I was hoping someone might have insights as to how best to handle a situation in which the plural and singular inflected forms of a root have different meanings. For example, in the Bantu language I'm working on (Yasa), the root /kuku/ takes the class prefix /mo-/ in the singular and /me-/ in the plural (/mokuku/ vs. /mekuku/), like all the other roots in its gender. However, the singular (/mokuku/) means "spirit" or "ghost", while the plural (/mekuku/) means "resting place of the dead." Is there a standard way of capturing this in FLEx?
--
Hi Cory,
Sorry to weigh in late on this issue. It is quite an interesting and complicated problem. To solve it you have to start with the premise that a dictionary is a service to the user. So we have to ask, How is the user best served? One way to answer this is to ask, Where will the user look to find the entry? We want to save the user steps in finding the entry. So if the user wants to find mekuku, will he look under mekuku or mokuku? If you have two entries that are cross-referenced, he will eventually get to the correct entry. If he will recognize mekuku as a plural form and has been taught to always look up a plural form under the singular, then your best solution is to just have one entry. But people often intuitively know when there is no corresponding singular for a plural-only form. So our English dictionaries have an entry “means” (as in “I don’t have the means to do that”) in addition to entries for “mean” (as in “That’s not what I mean,” and “You’re being mean.”) For native speakers of English, having an entry “means” works well. But for non-native speakers, they would probably strip off the plural suffix and look under “mean”. So you have to test your users’ look up strategies and see what they do. That will tell you where to place your entry.

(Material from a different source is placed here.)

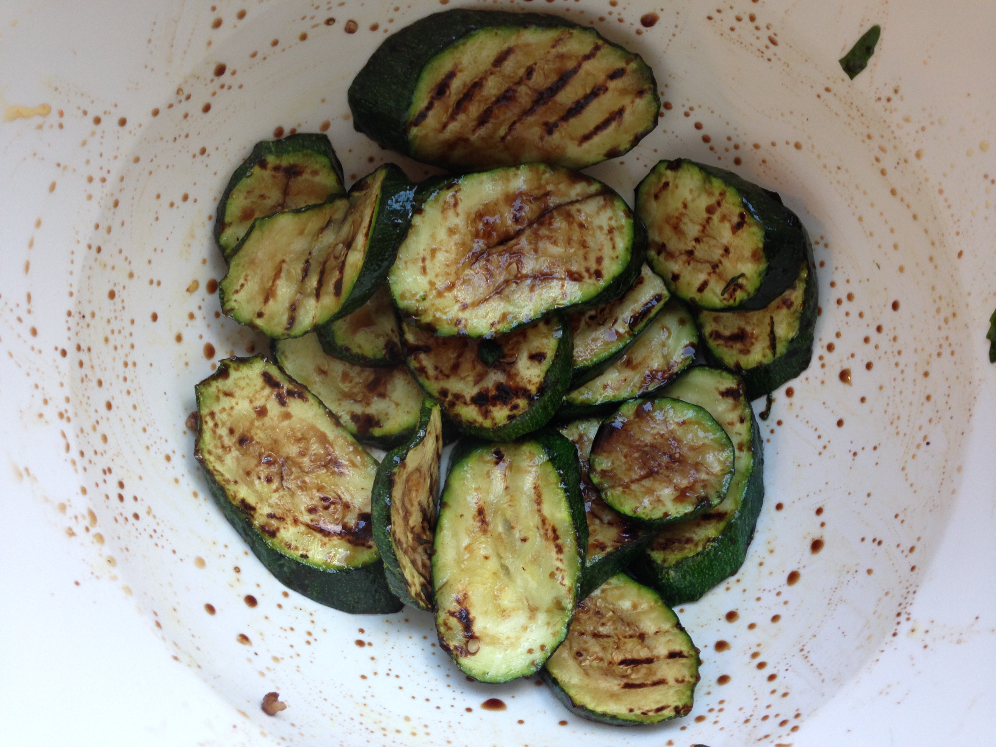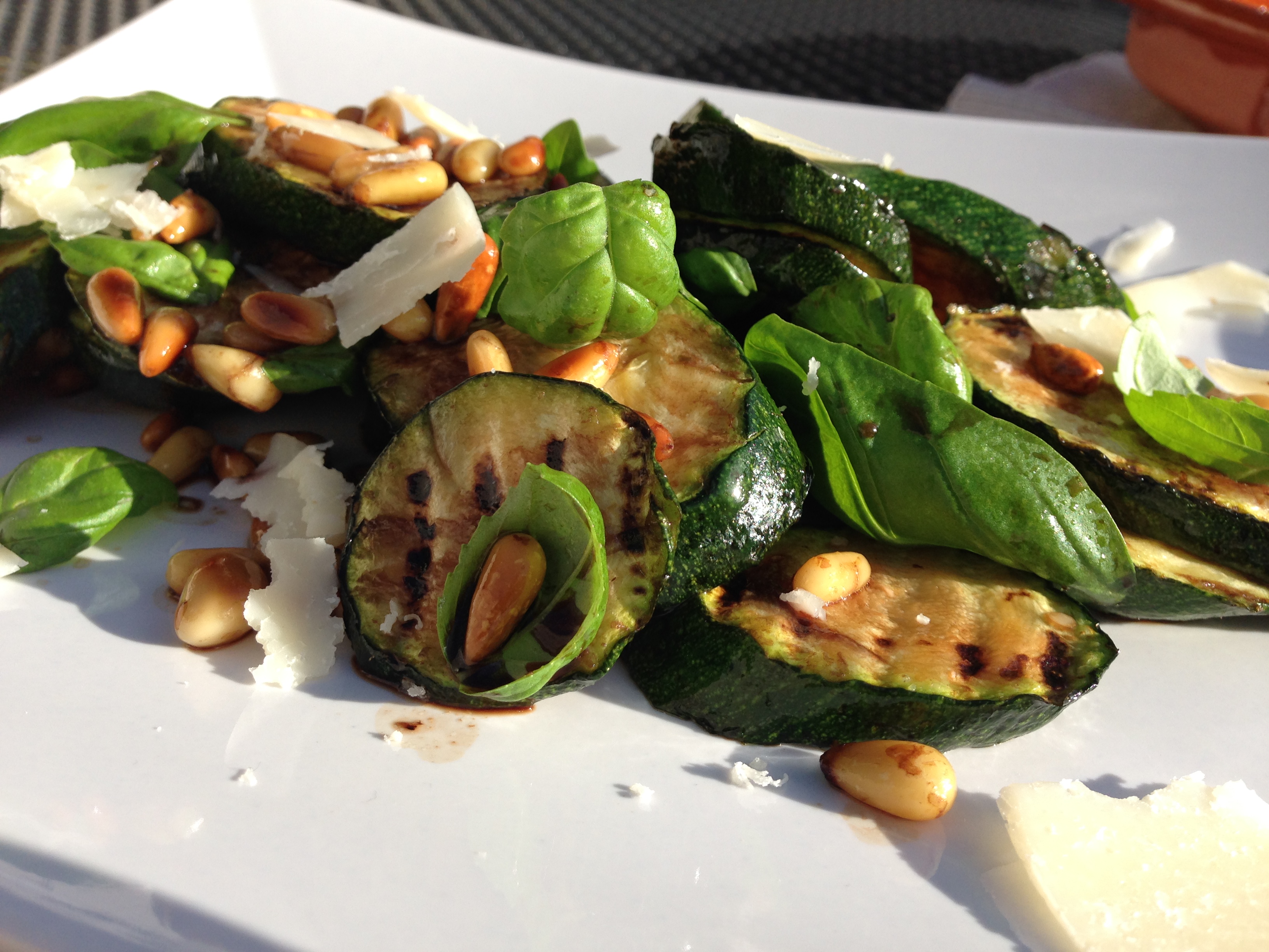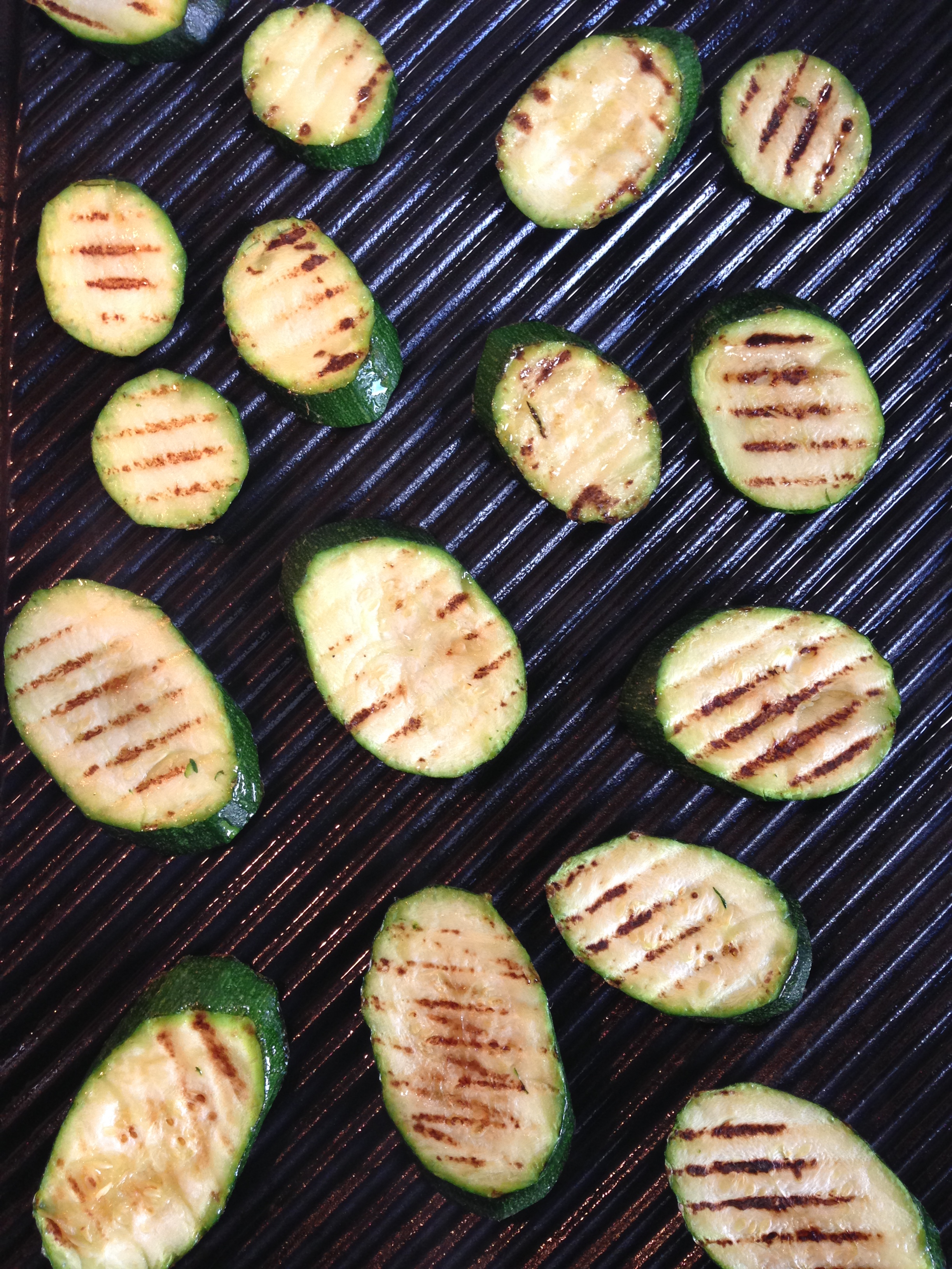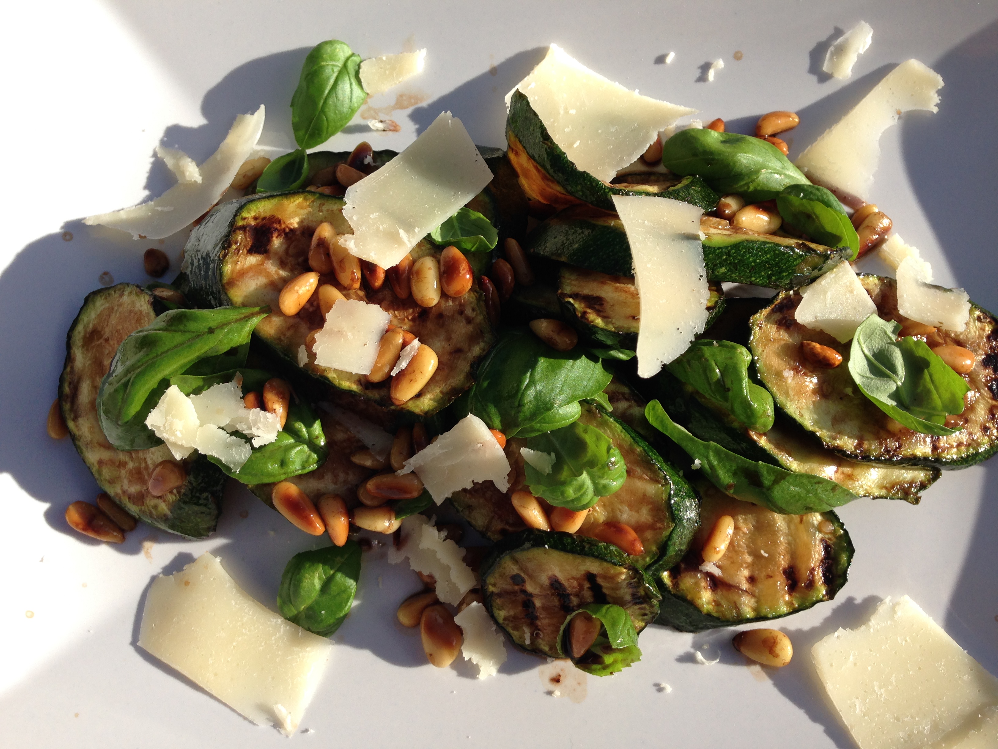 My mother used to make this delicious salad (although at the time I wasn’t quite convinced), with grilled courgettes, mint, pine nuts and some sort of soft white cheese. I think it was goats cheese. I’m sure my mother will give me a call when she reads this and correct me. My salad is fairly much the same. But I have tweaked it to our tastes.

Another question to ask is, Does it help the user if the dictionary combines (sub-)entries together or splits them apart? The answer to this seems to vary from language family to language family. The general rule is that people tend to think in terms of “words” and tend to look up “words”. Of course this means that we need to test what the user thinks of as a word. Over the millennia lexicographers have come to the conclusion that inflection does not create a separate word, but derivation does. We recognize that there is a continuum between inflection and derivation, so that there are in-between cases that are hard to judge. But as a general rule, the inflection-derivation distinction works well.
There is a related issue to this tendency to think in terms of “words” and to look up “words.” In recent years English dictionaries have begun including idiomatic phrases, constructions, and common collocations within the entry for a word. Here is the Longman Dictionary of American English entry for “means”. Their formatting is important and I hope the italics and bold font comes through. Otherwise it will be difficult to make sense of their presentation.
means /minz/ n [plural] 1 a method, system, object et. that is used as a way of doing something: We’ll use any means we can to raise the money. | She took up photography as a means of earning a living. | The oil is transported by means of (=using) a pipeline. 2 by all means said in order to emphasize that someone should do or is allowed to do something: By all means, drink while you are exercising. 3 by no means formal not at all: The results are by no means certain. 4 a means to an end something that you do or use only to achieve a result: Bev always says her job is just a means to an end. 5 the money or things that you have that make it possible for you to buy or do things: They don’t have the means to buy a car. | a man of means (=who is rich)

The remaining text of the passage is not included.